בחלמיש שלח ידו הפך משרש הרים | 9 |
De mens slaat zijn hand aan de harde steen, Woelt de bergen om van hun grondslag af,
בצורות יארים בקע וכל-יקר ראתה עינו | 10 |
Breekt gangen in de rotsen uit, Niets kostbaars ontsnapt aan zijn oog;
מבכי נהרות חבש ותעלמה יצא אור | 11 |
Hij zoekt de bronnen der stromen af, En brengt wat verborgen lag aan het licht.
והחכמה מאין תמצא ואי זה מקום בינה | 12 |
Maar de wijsheid, waar is zij te vinden, En waar is het oord van het inzicht?
לא-ידע אנוש ערכה ולא תמצא בארץ החיים | 13 |
De mens kent er de weg niet heen, In het land der levenden bevindt ze zich niet.
תהום אמר לא בי-היא וים אמר אין עמדי | 14 |
De afgrond roept: In mij is ze niet! De zee herhaalt: Ze is niet bij mij!
לא-יתן סגור תחתיה ולא ישקל כסף מחירה | 15 |
Zij wordt niet gekocht voor het fijnste goud, Geen zilver gewogen, om haar te betalen;
לא-תסלה בכתם אופיר בשהם יקר וספיר | 16 |
Zij wordt niet geschat tegen goud van Ofir, Tegen kostbare onyx, noch saffier;
לא-יערכנה זהב וזכוכית ותמורתה כלי-פז | 17 |
Geen goud, geen glaswerk kan haar evenaren, Geen gouden vaas is haar prijs.
ראמות וגביש לא יזכר ומשך חכמה מפנינים | 18 |
Paarlen en kristal zijn naast haar niet in tel, Het vinden der wijsheid gaat dat van koralen te boven;
לא-יערכנה פטדת-כוש בכתם טהור לא תסלה | 19 |
Topaas van Koesj kan het niet bij haar halen, Het zuiverst goud weegt niet tegen haar op.
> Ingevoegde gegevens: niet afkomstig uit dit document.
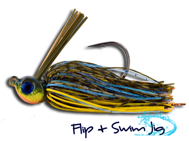NorthStar Custom Baits Flip and Swim jig is a very versatile grass style jig, the 3x 30 degree round bend hook allows for rock hard hooksets whether you are fishing the heaviest cover on the lake, or swimming the 1 ounce model underneath a canopy of milfoil! The Pointy head and swept back weedguard allow this jig to snake its way through heavy cover, while the wide base means your jig isn't tipping over when it hits the bottom! These jigs also feature a 60 strand hand tied silicone skirt, 3d eyes that are glued and then epoxied over, and granite like powder paint that is attractive yet very resilient! In testing we did everything from bomb the 1oz model way back into the nastiest pads we could find and swimming it back out, to pitching heavy cover, and swimming around, under, and through all types of grass, whatever YOU do with this jig, we recommend you use a stout rod, heavy line, and hang on, cause the fish love to punish the Flip and Swim!
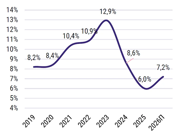 Доля свободных помещений в форматных ТЦ Москвы, 2019-2026П
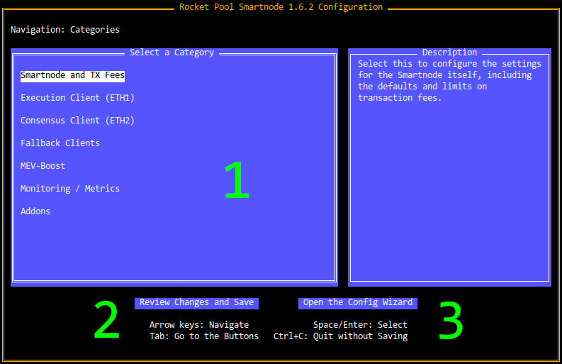 - The Category List, which lets you drill down into the settings for each category of the Smartnode stack
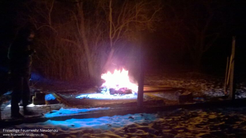 ![]() ![]() | Mit dem Alarmstichwort „Zimmerbrand“ in der Grundschule Siglingen alarmierte die Integrierte Leitstelle Heilbronn (ILS HN) alle drei Einsatzabteilungen (EA) der Neudenauer Feuerwehr. Nachdem das zuerst eintreffende Löschfahrzeug der EA Siglingen an der Schule nichts festellen konnte, wurde der Kreis um die angebliche Einsatzstelle größer gezogen und noch ein Passant befragt. Schließlich konnte das Feuer in einem Garten, hinter einem Haus der Seitenstraße, ausfindig gemacht werden. Ein junger Mann hatte zur Nachtzeit, weithin sichtbar und unerlaubt, Holzabfälle verbrannt. Die Feuerwehr konnte ohne weitere Tätigkeit wieder abrücken. Im Einsatz waren ca. 35 Kräfte bis ca. 24 Uhr. | ||||||||
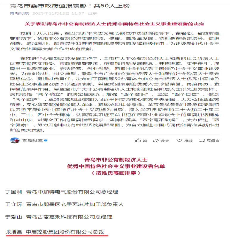11月12日,青島時(shí)政新聞網(wǎng)公布了青島市委市政府《關(guān)于表彰青島市非公有制經(jīng)濟(jì)人士?jī)?yōu)秀中國(guó)特色社會(huì)主義事業(yè)建設(shè)者的決定》,集團(tuán)黨委書(shū)記、總裁張?jiān)霾?0人光榮上榜。
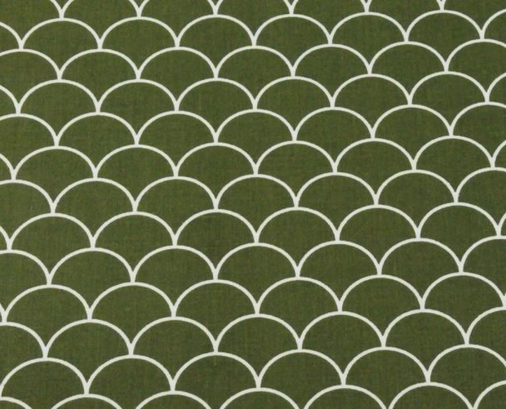 Tissu éventails vert kaki et blanc 50x80 cm
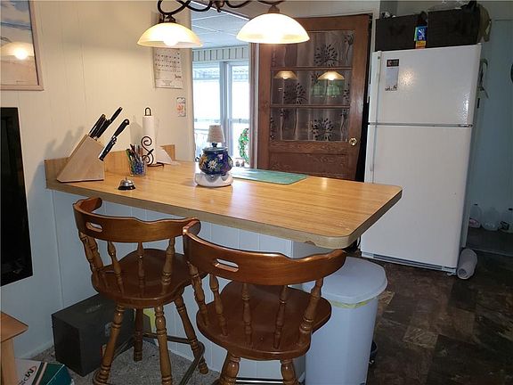 Channel front with gorgeous lake view! If looking for a view this is it a cute little bungalow, with carport. Inside features 2 bedrooms 1 bathroom large Livingroom, Kitchen, and closed in sun porch overlooking the lake beautiful sunset every night. Beautifully landscaped outside with several perennials a storage shed this property also has a large storage shed 21x30 that goes with the property the HOA is 420.00 a year that covers all snow removal and maintains the landing .
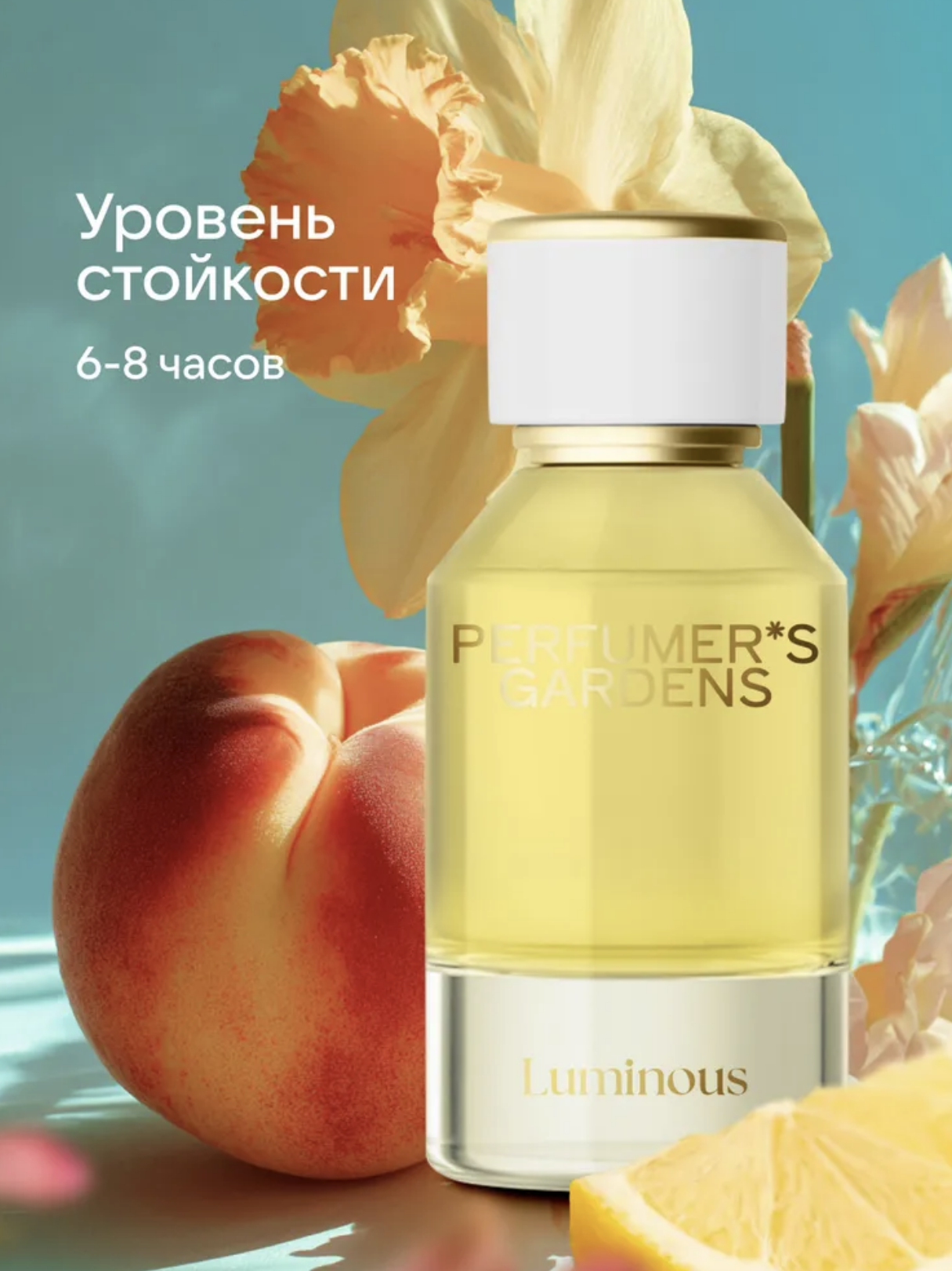 Perfumer’s Gardens Luminous — это напоминание о весне и новом начале, вдохновленное цветком нарцисса. С первого мгновения свежие ноты лимона и персика окутывают своим ярким светом, наполняя воздух жизнерадостностью и энергией. Как расцветает нарцисс, его очаровательный и нежный аромат плавно раскрывается в цветочных сердечных нотах ландыша и жасмина, создавая гармонию свежести и романтики. Роза добавляет утонченности, а сладкие фрукты наполняют композицию ощущением радости и вдохновения. Прикосновение сандала и мускуса в шлейфе обостряет чувства, оставляя после себя едва уловимый след тепла и уюта. Perfumer’s Gardens Luminous заставляет верить в магию каждого дня и наполняет сердце смелостью, позволяя каждой женщине почувствовать себя обновленной и готовой на новые свершения. Семейство: Цветочные фруктовые. Верхние ноты: Лимон, персик, нарцисс, сладкие фрукты. Сердце: Ландыш, цветочные ноты, роза, жасмин. База: Сандал, древесные ноты, мускус, сухая древесина. Духи женские — идеальный подарок для подруги, мамы, сестры, подростка. Обязательно загляните в наш магазин Dilis - Parfum & Cosmetic. У нас Вы найдете стойкие интересные ароматы на каждый день и для особых случаев: духи, парфюмерная вода, одеколоны, мисты. Парфюмерию можно использовать для тела, волос, одежды, белья, дома. Вся продукция бренда прошла проверку качества и безопасности. Производство находится в Беларуси, родина парфюмерной композиции – Франция.
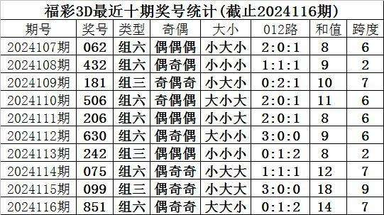 开奖回顾:福彩3D第2024116期奖号为851,奖号形态为:组六、大大小、0:1:2、偶奇奇。

והחכמה מאין תבוא ואי זה מקום בינה | 20 |
De wijsheid, waar komt zij vandaan; Het inzicht, waar is zijn plaats?
ונעלמה מעיני כל-חי ומעוף השמים נסתרה | 21 |
Zij ligt verborgen voor het oog van al wat leeft, Verscholen voor de vogels in de lucht;
אבדון ומות אמרו באזנינו שמענו שמעה | 22 |
De onderwereld en dood roepen uit: Onze oren hebben enkel van haar bij geruchte gehoord.
אלהים הבין דרכה והוא ידע את-מקומה | 23 |
Het is God, die de weg naar haar kent, Hij alleen weet, waar zij toeft.
כי-הוא לקצות-הארץ יביט תחת כל-השמים יראה | 24 |
Want Hij blikte tot aan de grenzen der aarde, Zag al wat onder de hemel bestond:
לעשות לרוח משקל ומים תכן במדה | 25 |
Toen Hij het gewicht van de wind bepaalde, De maat voor het water bestemde;
בעשתו למטר חק ודרך לחזיז קלות | 26 |
Toen Hij de regen zijn wet gaf, En de donder zijn weg.
אז ראה ויספרה הכינה וגם-חקרה | 27 |
Toen aanschouwde Hij haar en verkondigde haar, Kende Hij haar en doorgrondde haar;
ויאמר לאדם--הן יראת אדני היא חכמה וסור מרע בינה | 28 |
Maar Hij sprak tot den mens: Zie, de vreze des Heren is wijsheid, En het kwade te mijden is inzicht!